Forbes.com discuss the contradiction of WWE
Feb 1, 2015 13:23:27 GMT -5
ritt works hard fo da chickens likes this
Post by carp (SPC, Itoh Respect Army) on Feb 1, 2015 13:23:27 GMT -5
Well.... there's a couple of things packaged in here, I think. Making up masses of people who agree with you to feel like your opinion is more true or valid ("EVERYONE thinks Reign sucks!!") is bad. But making up masses of people who DISAGREE with you to feel like you're thinking for yourself ("EVERYONE thinks Reigns sucks!") is no better. The fact that you want to "challenge accepted notions" seems to imply that you think it's necessary; it wouldn't occur to most people around here to think anything else. I don't know if that's how you mean it, but it's important to remember that groups of people can just agree: it isn't necessarily groupthink.
One thing about the Forbes article I think is related to what you said: they aren't necessarily comparing wrestling to wrestling. Raw ain't Breaking Bad, and we all know it. In one way, it's a "subjective opinion" that Raw's writing sucks, but if we dug into things like dramatic rise and fall, character consistency, giving characters clear motivations, etc., you're on more solid ground. "Good writing" being subjective doesn't mean we all have to just throw our hands up in the air and that's the end of that.
I'm also quite obviously not making up loads of people that think Reigns sucks, am I? A cursory glance over the front page would tell you that I'm on the money there.
If someone really wants to get into actual writing techniques than yeah, that would be more solid ground. But no-one ever does. I'd be pretty confident that if you take the majority opinion of this forum at given times throughout the last decade, Raw will have always sucked. I'm just challenging this idea that the content has been bad for the last 8 months, because 8 months ago I heard that 2013 was full of Authority promos and a Big Show push that no-one wanted, and it sucked. I haven't done a statistical analysis on it, but if I did, the majority opinion on here would be that Raw always sucks, that the content is always bad, and I'm simply saying that it's a ridiculous notion that a company's flagship TV programme is always so bad.
I know you think there's groupthink, but there's two things about that I'm trying to point out. That's not necessarily true, and you don't seem to have any reason for believing it other than "I have the feeling that most people here agree about something and don't have great reasons for it." Both of the pieces of that are just a feeling, informed strongly by your own position as someone who disagrees. It's easy to be "pretty confident" about "majority opinion." Your confidence isn't alone compelling.
The other thing is: That whole mission of coming in and informing everybody about how groupthinky they've been is inherently condescending, especially with you portraying yourself as a lone voice of reason. I can't imagine it being helpful in the way you mean it.
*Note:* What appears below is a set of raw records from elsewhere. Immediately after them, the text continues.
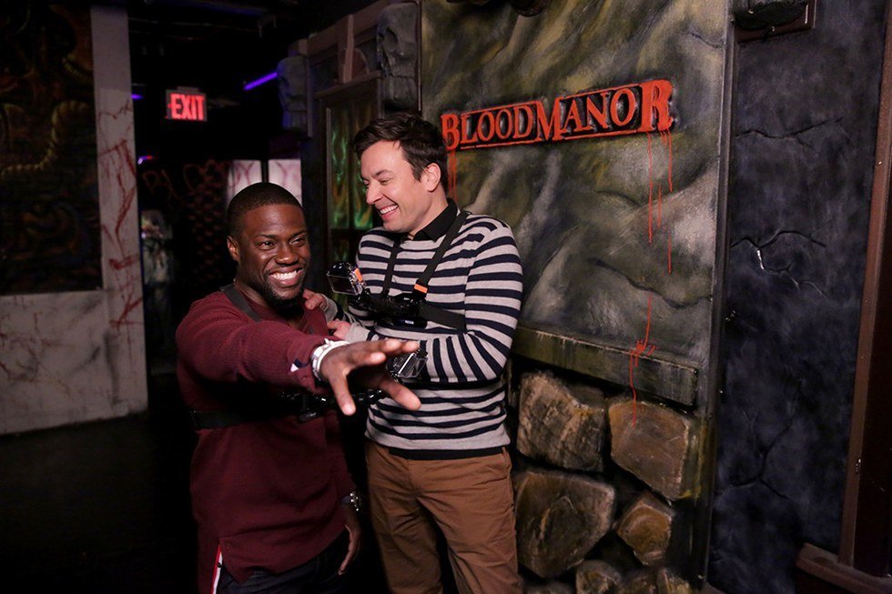 Now the last time that Kevin Hart was on The Jimmy Fallon show, they were at Universal Studios riding "Rip Ride Rock It!" and the world saw Kevin Hart basically have a heart attack (he also has a fear of roller coasters) and I have to admit, that was funny, but this stunt was by far the funniest I've seen. It was so funny that I could have peed myself from laughing so hard (don't worry, I didn't). The kind and spooky people at New York City's most coveted haunted attraction, Blood Manor, invited Jimmy Fallon and Kevin Hart to experience the most terrifying attraction in New York. Watching Kevin and Jimmy walk through a terrifyingly haunted house where everyone has either a chainsaw or banging against something and creeping up on you, touching your legs, well if I went myself I'd literally have a panic attack (this I can verify is true because it happened on a tame hayride a few years back) because it's just that scary.
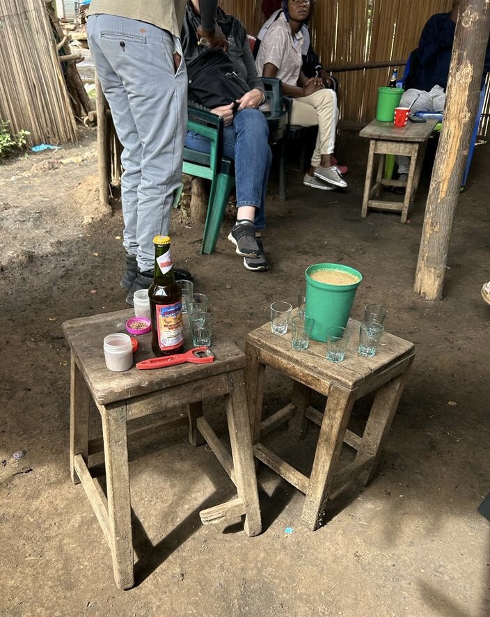 A banana beer and wine tasting at a local “craft” shack. Beer made from bananas and mullet. It’s in the green cup. They pass it around. I guess it is an acquired test.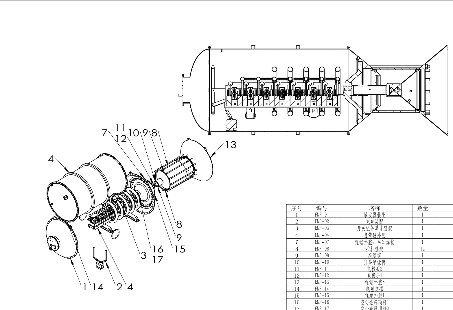 ⑧800kV高压脉冲源及其安装平台机械加工和测试项目包括辅助工装设计及加工,屏蔽环模具设计及加工。800kV高压脉冲源整机零件加工等内容,最终完成800kV高压脉冲源及其安装平台机械加工和测试件成品1套,并组装检漏合格安全运输到采购方指定地点(昆明)。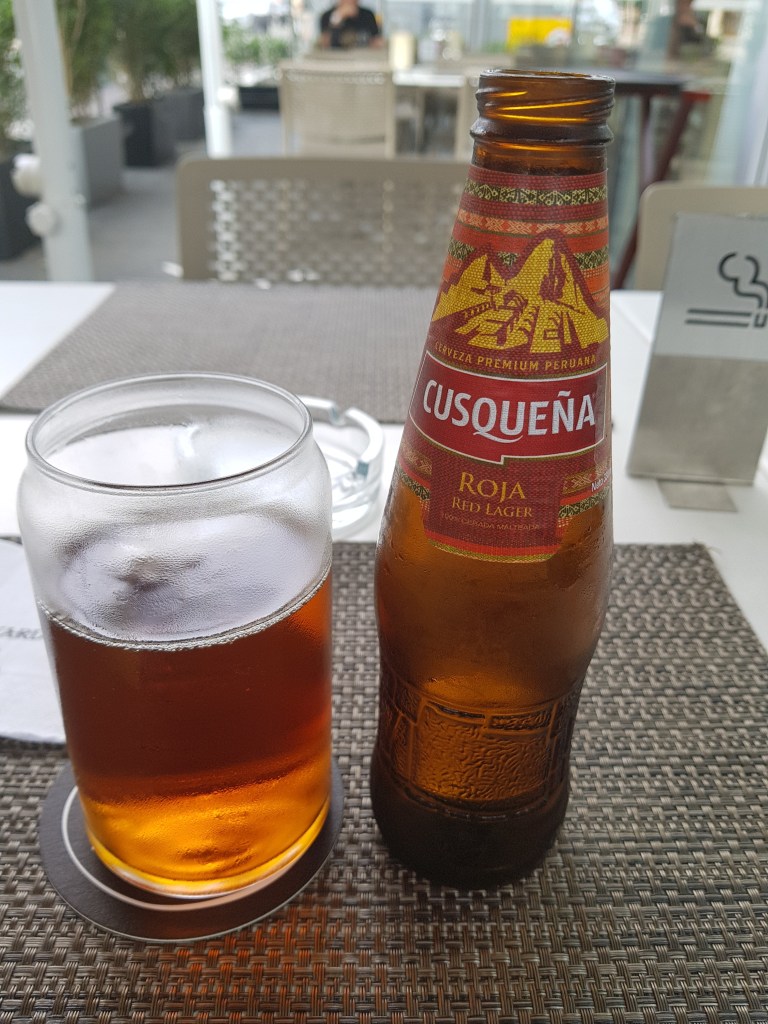 Christina books a free walking tour with Inkan Milky Way Tours tomorrow in downtown lima. Time for a beer in the hotels street garden.
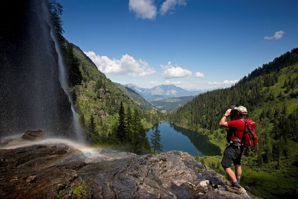 Via Ruperting near Haus im Ennstal or Aich/Gössenberg, we reach the parking lot in the Seewigtal valley via a toll road. We walk for about 15 minutes on a wide path along the stream to the Steirischer Bodensee. Once at the end of the lake, the trail continues via the ascent with the number 782, which leads over a waterfall to the Hans-Wödl-Hütte at the Hüttensee. The hut is about 1 hour's walk above the Steirischer Bodensee and is therefore an ideal destination for a day trip. After the hike, we can enjoy the view of the Hüttensee and the Hochwildstelle from the terrace and fortify ourselves with the farm's own delicacies of beef, pork and brook trout. The hut is also a great starting point for crossings and high alpine tours. The way back is via the same route and from the Steirischer Bodensee/Seewigtal parking lot you can take the 976 Steirischer Bodensee bus back through Weißenbach bei Haus to Haus im Ennstal or to Schladming.
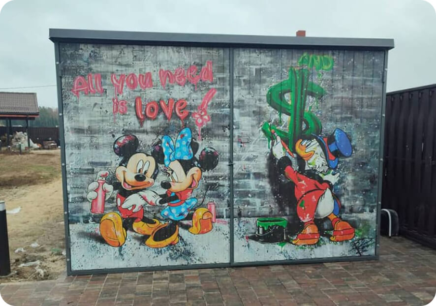 Изготавливаем в цинке, различных цветах RAL. Возможно частичное или полное брендирование посредством нанесения печати. Если у вас есть любимая картинка или рисунок - мы можем его напечатать на контейнере.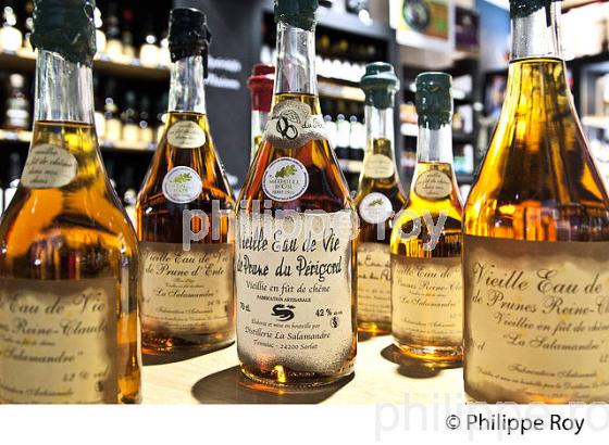 EAU DE VIE DE PRUNE DE LA DISTILLERIE LA SALAMANDRE , BOUTIQUE LE GOURMET PERIGOURDIN, CENTRE HISTORIQUE DE LA VILLE DE SARLAT LA CANEDA, PERIGORD NOIR, VALLEE DE LA DORDOGNE, DORDOGNE, NOUVELLE AQUITAINE, FRANCE.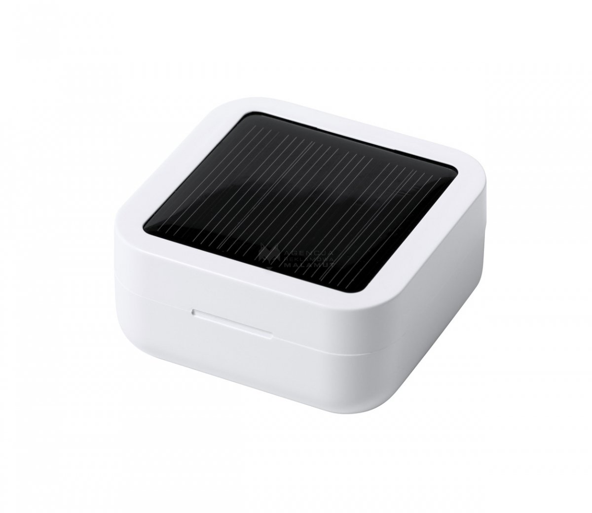 Bezprzewodowe słuchawki bluetooth z funkcją rozmów w plastikowym etui z wbudowaną ładowarką słoneczną. W zestawie kabel USB.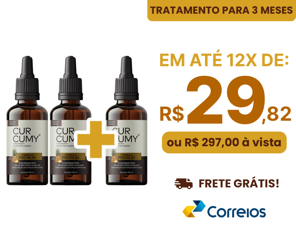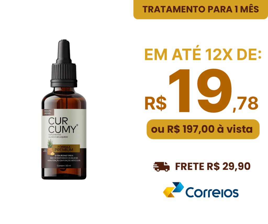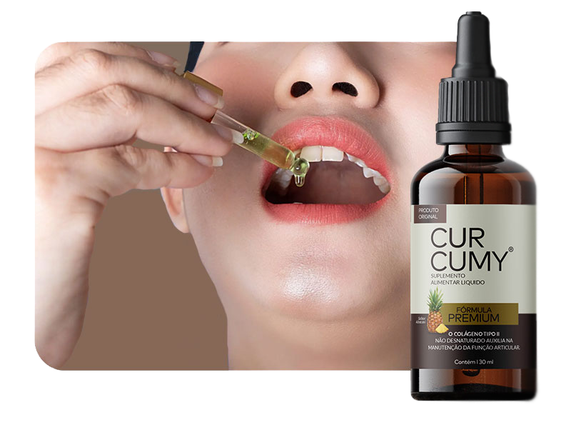 Ingerir 1 ml (20 gotas) do Curcumy por dia (sabor suave de abacaxi), pode ser colocado em alguma bebida de sua preferência, para um alívio prolongado da dor.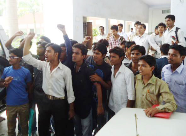 • अपने ही कालेज के नाबालिग छात्रों से अपने नारे लगबाये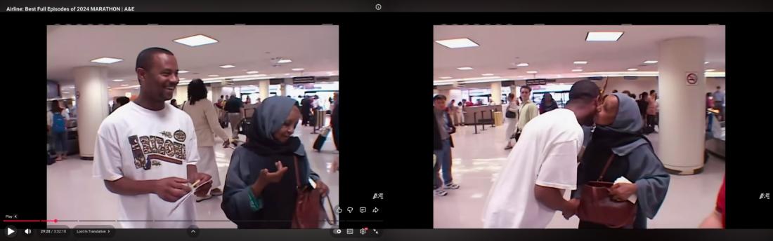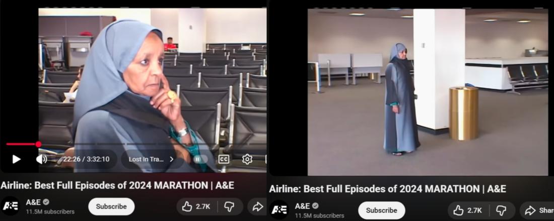 On retrouve notamment la femme voilée de bleu dans une compilation disponible sur YouTube (bien qu'uniquement aux Etats-Unis) (lien archivé ici) : elle apparaît dans l'épisode 11 de la saison 2, "Lost in translation" (lien archivé ici). Il s'agit d'une passagère ne parlant pas anglais, arrivée depuis Baltimore à Los Angeles, et non à New York.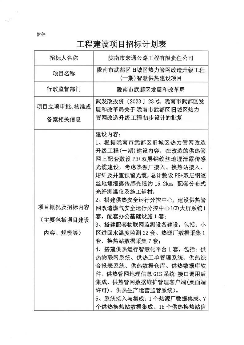隴南市武都區(qū)舊城區(qū)熱力管網(wǎng)改造升級工程(一期)智慧供熱建設(shè)項目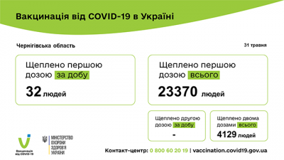 ДетальнішеЗа минулу добу в Чернігівській області від коронавірусу вакциновано 32 особи, з них: - CoronaVac – 32 особи першою дозою (маломобільні групи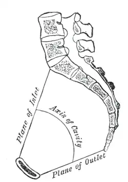 - le détroit supérieur (Apertura Pelvis superior) formé d'avant en arrière, du bord supérieur de la symphyse pubienne, la crête pectinéale, la ligne arquée et le promontoire du sacrum. Il forme, dans un plan fortement oblique en bas et en avant, une figure en forme de cœur chez 50 % des femmes, une forme ovoïde chez 25 % des femmes et une forme triangulaire chez 25 % des femmes et chez la majorité des hommes. La forme la plus favorable à l'accouchement est la forme "cartageux" (en forme de cœur), la moins favorable étant la triangulaire ;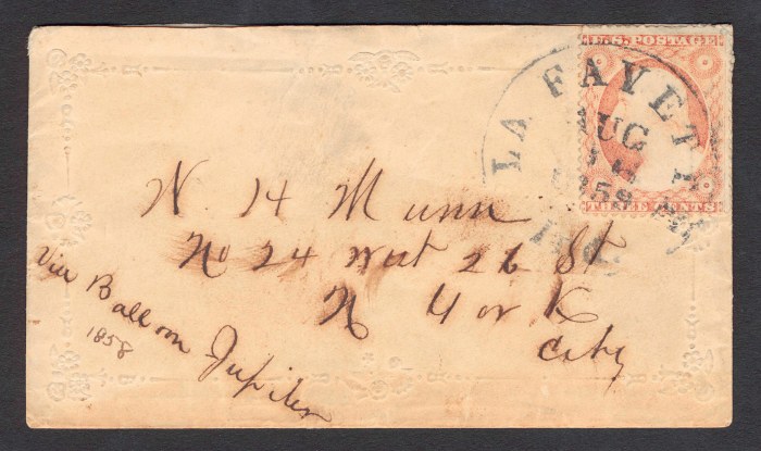Back to TopJupiter Flight – The earliest recorded U.S. official “airmail” flight took place in August 1859. The plan was to carry a mailbag from Lafayette, Ind., east to New York City (or as far as possible) on board the balloon Jupiter, piloted by famed balloonist, Professor John Wise.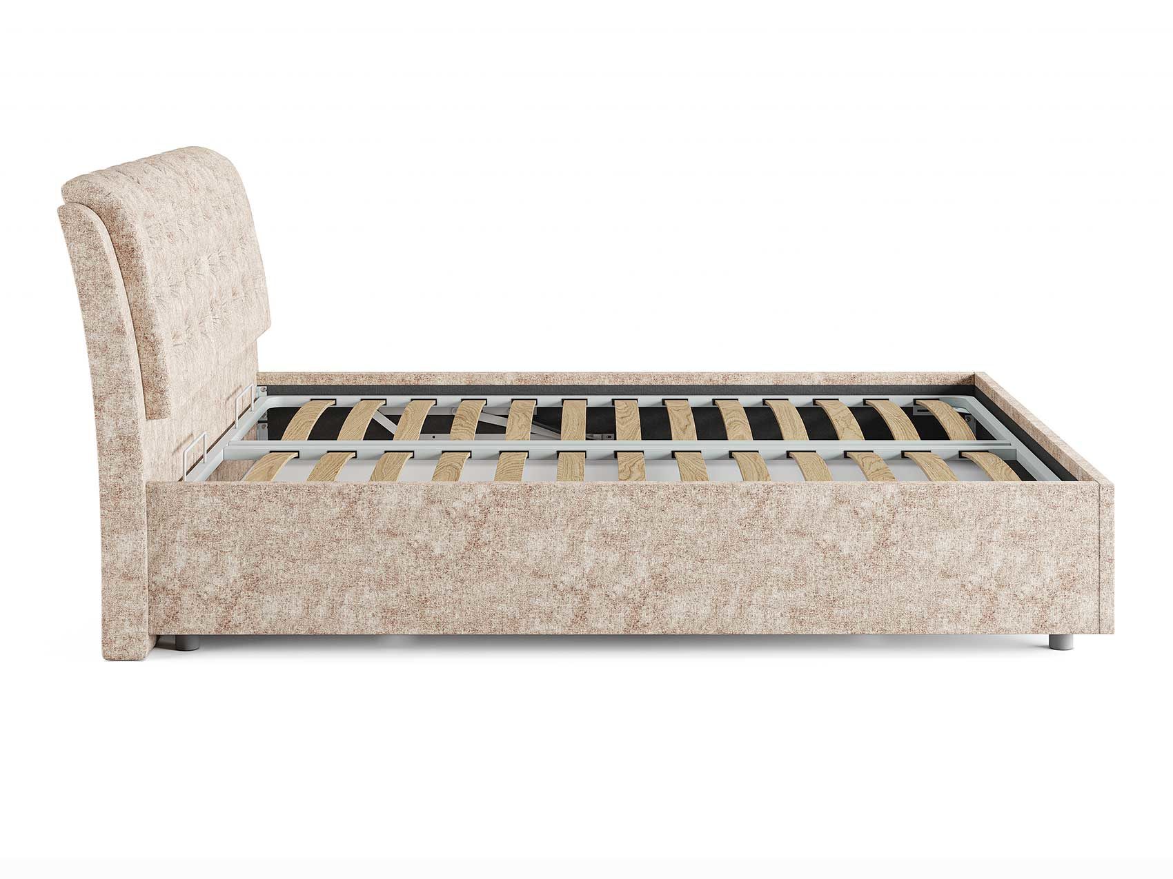 Кровать комплектуется металлическим основанием (без опор), которое имеет 13 рядов встроенных березовых ламелий на каждое спальное место, обеспечивая равномерное распределение нагрузки.

And yes: Raw's writing is terrible. They don't know how to pay off a story, so everything just peters out. Their characters make no sense and it isn't clear what most of their motivations are. Things will stop and start so abruptly, there's never any rhythm or sense of tension.
I would be shocked if anyone can point at, say, the recent firing storyline and say it's good writing. No stakes, because everything that happens just gets reversed like two weeks later. No payoff to Ziggler's booking as the hero. No emotional growth from Cena getting his friends fired and then rehired. The whole thing's pointless, because it was building to the Rumble and none of them won, and now apparently they're all just moving on to other things.
I mean, you can say that it doesn't MATTER that it's bad writing, and I'd disagree with that, but at least I wouldn't stare at you open-mouthed, like I would it you said it was good. But TV writing has some pretty high standards these days, and Raw is down where with Glee at the bottom.